String Processing

Restriction Enzymes

In this lesson the student will learn how to:
  1. Use parentheses in regular expressions
  2. Create complex regular expressions
By the end of this lesson the student will be able to:

     Write a script which identifies a portion of a long
     sequence which is located between two patterns

Restriction Enzymes

Restriction enzymes (also referred to as molecular scissors or restriction endonucleases) are special enzymes which cut DNA at specific locations called restriction sites. Often they are used to cut a DNA strand and there are a multitude of restriction enzymes available which can cut DNA sequences in many locations. A typical restriction enzyme recognizes a sequence of about six nucleotides in length and makes the cut somewhere within or at one of the ends of the sequence. EcoRI is the name of one of the most common restriction enzymes and it recognizes the sequence GAATTC with the actual cut occurring between the G and the A.

Here are some more examples of restriction enzymes:


	PunAI		C|YCGRG
	ZanI		CC|WGG
	BoxI		GACNN|NNGTC
	BbeI		GGCGC|C
	BamHI		G|GATCC
	ApoI		R|AATTY
	CacI		|GATC
	CfoI		GCG|C
	MthZI		C|TAG
	SinI		G|GWCC
	PfeI		G|AWTC
	ECO24I		GRGCY|C
	FauBII		CG|CG
	FseI		GGCCGG|CC
	HalII		CTGCA|G
	HindII		GTY|RAC
	Kzo49I		G|GWCC

The vertical line in each sequence shows the cut site for the enzyme.

You will notice that a few letters which do not stand for nucleotides are include in the recognition sequences. Here are their meanings:


      	                R = G or A
                        Y = C or T
                        M = A or C
                        K = G or T
                        S = G or C
                        W = A or T
                        B = not A (C or G or T)
                        D = not C (A or G or T)
                        H = not G (A or C or T)
                        V = not T (A or C or G)
                        N = A or C or G or T

Parentheses in Regular Expressions

#!/usr/bin/perl $line = "The fish eat the juicy worms for lunch."; $line =~ /fish(.*)worm/; $patt = $1; print $patt . "\n";
The special variable $1 contains the part of the regular expression which matches the part within parentheses.
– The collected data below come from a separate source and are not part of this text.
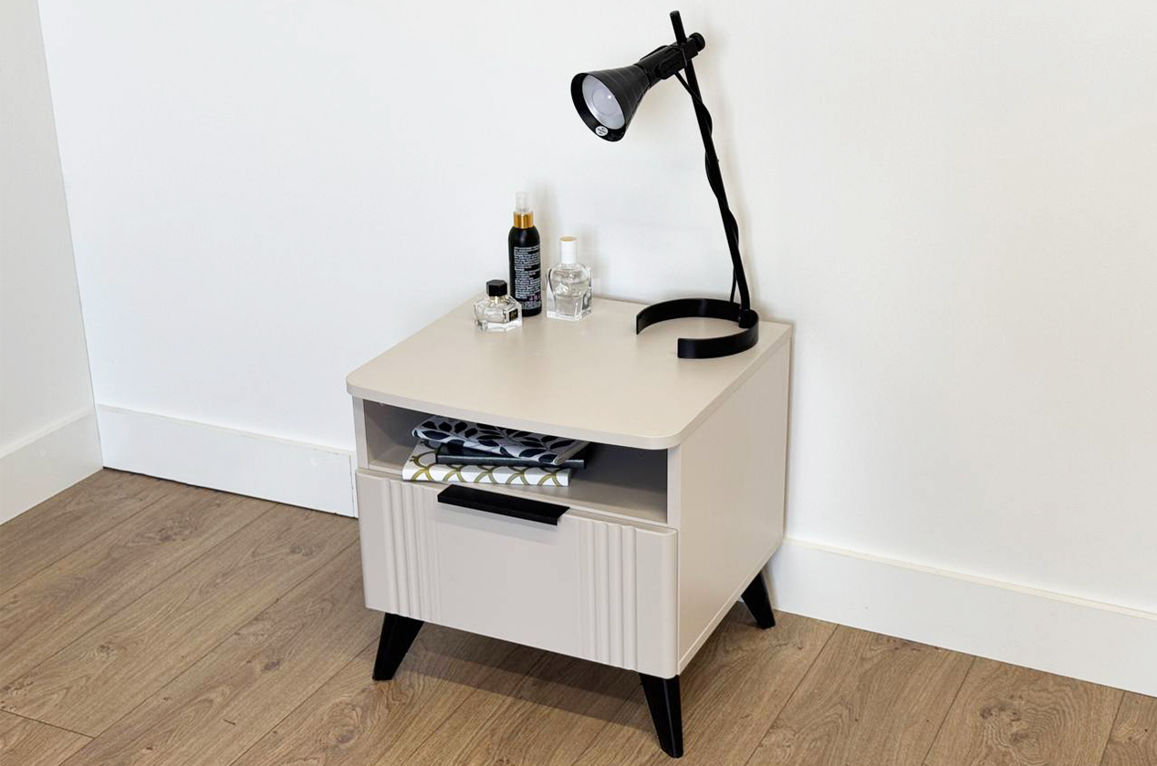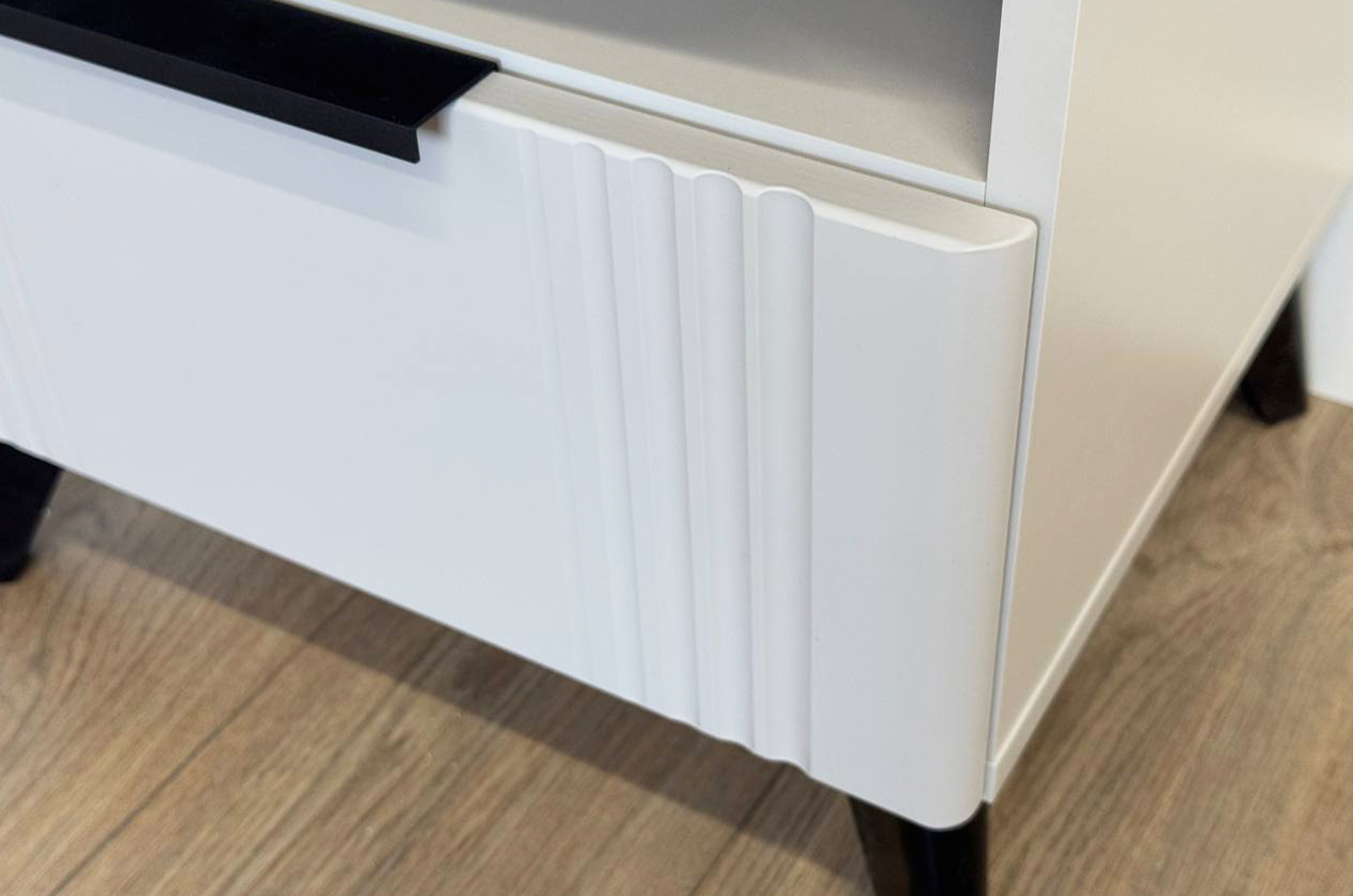 · Подойдет к любому интерьеру: Нежный бежевый цвет и элегантный контраст с черными ножками делают тумбу стильным акцентом в любом интерьере.
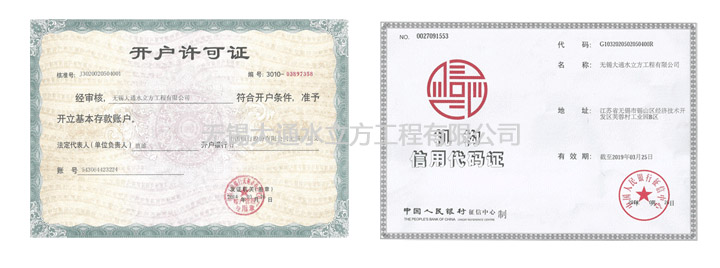 无锡大通水立方有限公司资质证明
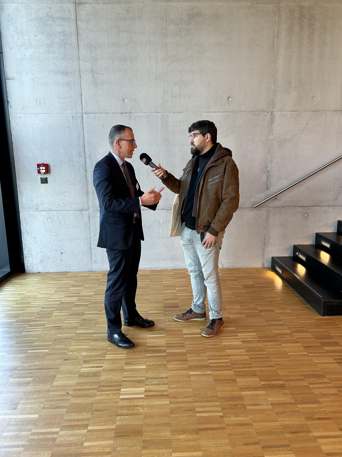 Landrat Sven Hinterseh im Interview zum Klinikstandort Donaueschingen mit Thomas Krebs von antenne 1 Neckarburg Rock & Pop – Regionalnachrichten:
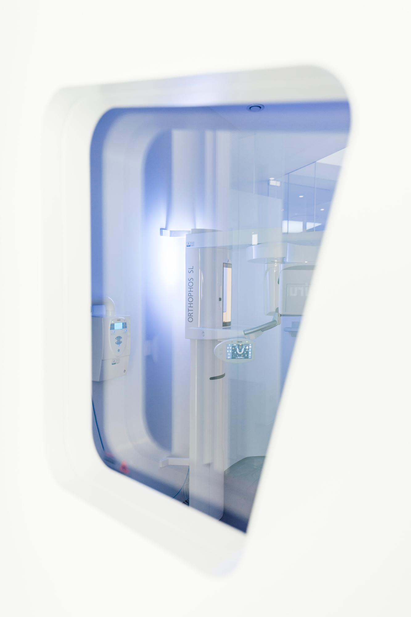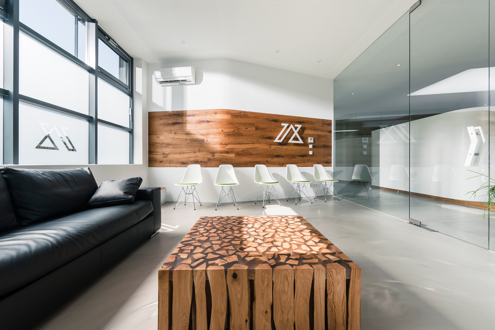 Mit erheblichem Aufwand wurden hochwertige Materialien wie z.B Glas bei den Oberlichtern und Corian bei der Empfangstheke, dem hinterleuchteten Praxislogo und den Glastürgriffen unter Hitzeeinwirkung verformt bzw. mit Hilfe von CNC Bearbeitung gefertigt. Gerundete Raumwandelemente wurden in Sandwichbauweise hergestellt und mit Hilfe von CNC gefertigten Hilfsformteilen mittels Vakuumpresse in Form gebracht.

You can actually use several sets of parentheses, like this:
#!/usr/bin/perl $the_line = "mississississinkippippippi"; $the_line =~ /.(iss)+(.[^p]*)(ipp)+./; print "1) $1, 2) $2, 3) $3\n";
Recall that the [^p] means any character that is not the letter p. Also recall that the + means one or more of a pattern.

How do the results differ for this modified version of the last example?

#!/usr/bin/perl $the_line = "mississississinkippippippi"; $the_line =~ /.(iss)+(.*)(ipp)+./; print "1) $1, 2) $2, 3) $3\n";

ASSIGNMENT:

Write a script which identifies the portion of a long sequence which is located between two restriction enzymes. Use BamHI as the first restriction enzyme and EcoRI as the second.